Chalcedony SiO2 酸化鉱物

 

Chalcedony_yanda_01

Chalcedony_yanda_02

Chalcedony_yanda_03

 

さまざまな沸石、特にモルデン沸石の産地として有名な、河津・やんだの玉髄。

白浜層に相当する、海の中で噴出して固まった溶岩や、それが砕け堆積して固まった角礫岩の上に、セラドン石、玉髄や沸石の結晶が成長しました。

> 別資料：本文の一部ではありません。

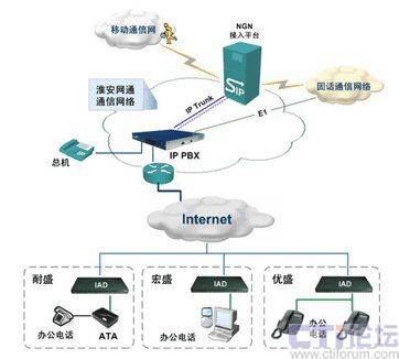 采用NGN+IP PBX的解決方案,不僅可以增強IP PBX組網和業(yè)務通信能力,還可以配合運營商的NGN平臺開拓多種業(yè)務模式,成為NGN的有效擴展,為運營商和最終用戶提供雙贏的有利協(xié)助。淮安網通就采用了Zed-3(捷思銳科技)的IP PBX進行大客戶的語音接入。該IP PBX主要提供了用戶分機號碼分配功能,并為用戶提供語音池(IVR)、語音信箱、保密呼叫、NGN業(yè)務接入等多種應用服務。

玉髄は化学式を見ればわかるように、ようするに石英です。非常に小さな石英の結晶が集まって塊になったもので、含まれる不純物によってさまざまな色のものがあります。ちなみに、瑪瑙もやはり石英で、層状の模様がついたものをいいます。

やんだの玉髄は、色は白か青のものがほとんどですが、どうしてこんなきれいな色になるんでしょうか。セラドン石が関わっているのではないかという説もあるようですが、まだよくわかっていないようです。セラドン石は、火山噴出物(火山灰など)が海中で堆積し凝灰岩となり、熱水によって石英に富んだ部分が変質して生成するとのこと。とするとやはりセラドン石がらみなんでしょうか。ここのセラドン石は緑に近いですが、場所によっては青に近いものもあるので、生成した時の条件で色が変化するのかもしれません。

1枚目は露頭での接写です。こんな感じで、露岩に空いた隙間・晶洞の中で、玉髄や沸石の結晶が成長しています。

2枚目の写真は、小さな輝沸石の結晶の上に、うす青い球の玉髄がくっついています。輝沸石が青緑なのは、その下のセラドン石の色。

3枚目はその球がいくつもつらなって柱になった様子です。写真の右側は、その玉髄の表面に透明な沸石がコーティングしているようで、きらきらしています。グラデーションがきれいですね。下の母岩の青緑が、セラドン石。

 

このあたりの海沿いは、いろいろな鉱物が見られるのですが、ちょっとずれるとその種類がどんどん変化していくのが面白いですね。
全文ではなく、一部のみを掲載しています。